In the excitement of getting our Mr.Right and beginning our ‘happily ever after’ with them, we usually forget to focus on the practical aspects of the ‘after marriage life’, one of which is that the number of people in our life will now be double. Being able to keep everyone, and especially yourself, happy might soon become difficult (probably once the honeymoon period ends). How then does one make sure everyone concerned is satisfied? Here are a few tips that might help:
1. Don’t compare (your family with in-laws family)
This is only going to lead to disappointment for yourself (and later even a grudge). It is important to remember that in one’s own house one was pampered and all the limitations or bad habits were either ignored or never spoken about. This may not be the case in your new house because just as they are new to you, you too are new to them. It will take time for both parties to adjust to each other’s habits and schedules and not every household has the same way of thinking or working. Also, avoid talking to your family about your new family and how they function. Your new family might think of it as an invasion of privacy.
2. Gel in rather than trying to change
Yes, you might not like or agree to some of their ways. But they have been used to this since many years, so instead of immediately trying to change everything, try to adjust yourself to their ways. You can change the way things work once they get to know you better. This way arguments and disagreements can be avoided.
3. Treat your in-laws better than you treat your own family
Your new family has accepted you with aplomb, be grateful about it. Your own parents know you well, but the new ones don’t. Also, it is a big step for them too, to share their son, their house, their love with a new person. Understand this and even the fact that they are much older than you, respect this fact and treat them accordingly, sometimes even better than you treat your own parents and family, as this will you adjust better (and avoid any disagreements) too.
4. Seek your partner’s advice before making any major decision for the family
This is very important, especially in matters where you feel your inputs might offend your in-laws or be seen as interference.
5. Never talk bad about one family to the other
This not only creates bitterness but even leads both families judging each other and coming to conclusions without actually knowing what happened, so why take that unpleasant route anyway?
6. Keep in regular touch with both set of parents
Neither your old family nor or the new one should feel they are getting lesser attention than the other. They are both old and need you equally.

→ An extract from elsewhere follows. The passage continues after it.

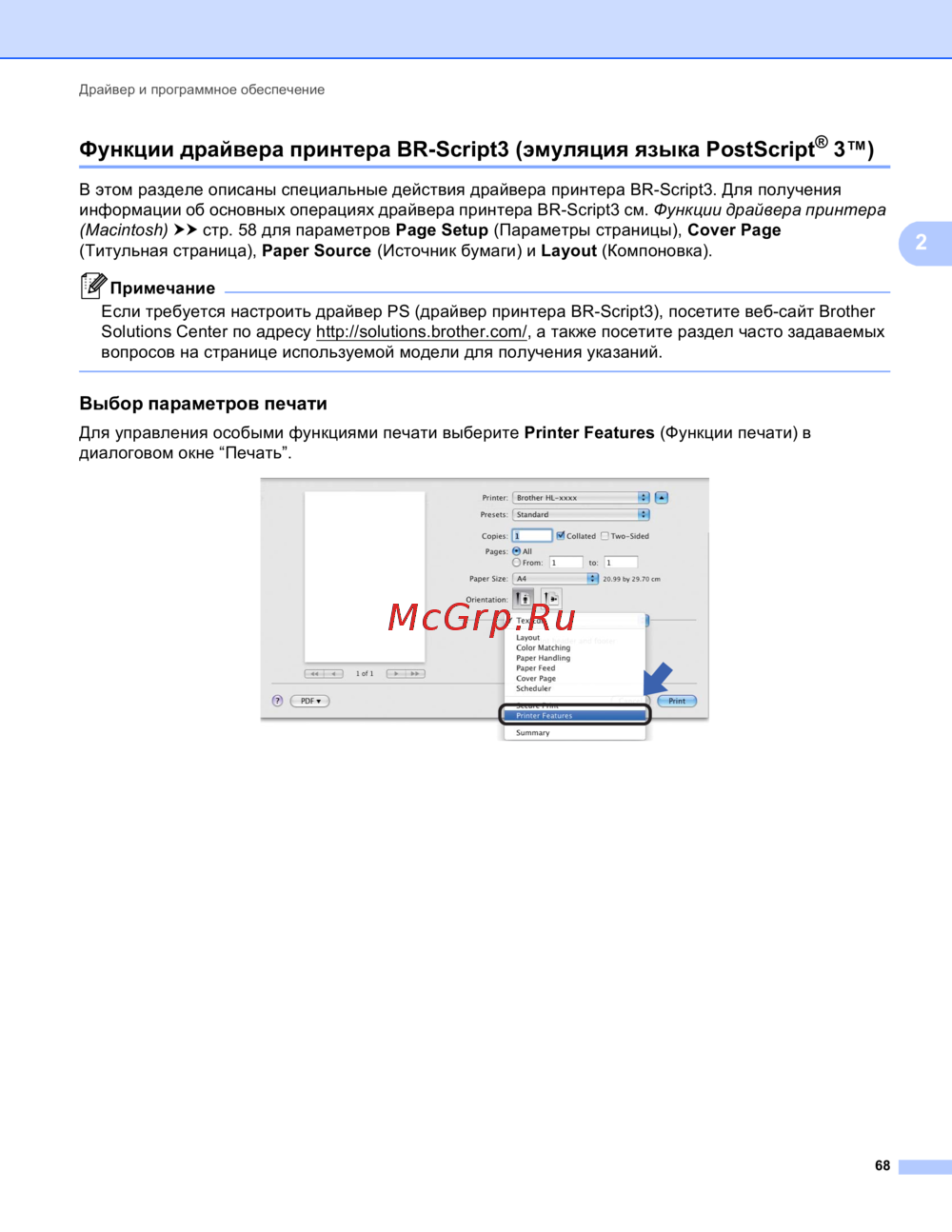 Функции драйвера принтера BR-Script3 (эмуляция языка PostScript

7.Keep certain things between you and your spouse
Being concerned is alright but this sometimes becomes an interference in your personal equation with your better half. You must understand what concerns your parents have and is that avoid that concern from morphing into interference. You need to draw the line the minute it reaches interference. Neither of the parents has the right, so to speak, to dictate how you should go about in your relationship with your spouse nor should they be speaking ill of your in-laws. Certain decisions and matters are to remain solely between your spouse and you alone. A good way to avoid their interference is to not give them a chance in the first place. If there is something about your spouse that bothers you, talk it out with your spouse rather than your parents, or worse, go complain to your spouse’s parents. That is a complete no-no; you aren’t a 5-year-old.
Every stage of life brings along with itself certain sets of changes. Marriage is one of those stages. Life after marriage is considerably different from life before it. What is essential here is for each partner to strike a balance between their respective parents and in-laws. This balancing act is essential for a marriage to be a strong and happy one.Remember, to attain a perfect balance in life after marriage, you will have to understand the old folks (yours as well as his) and let them know that you being married doesn’t change yours or his love for them.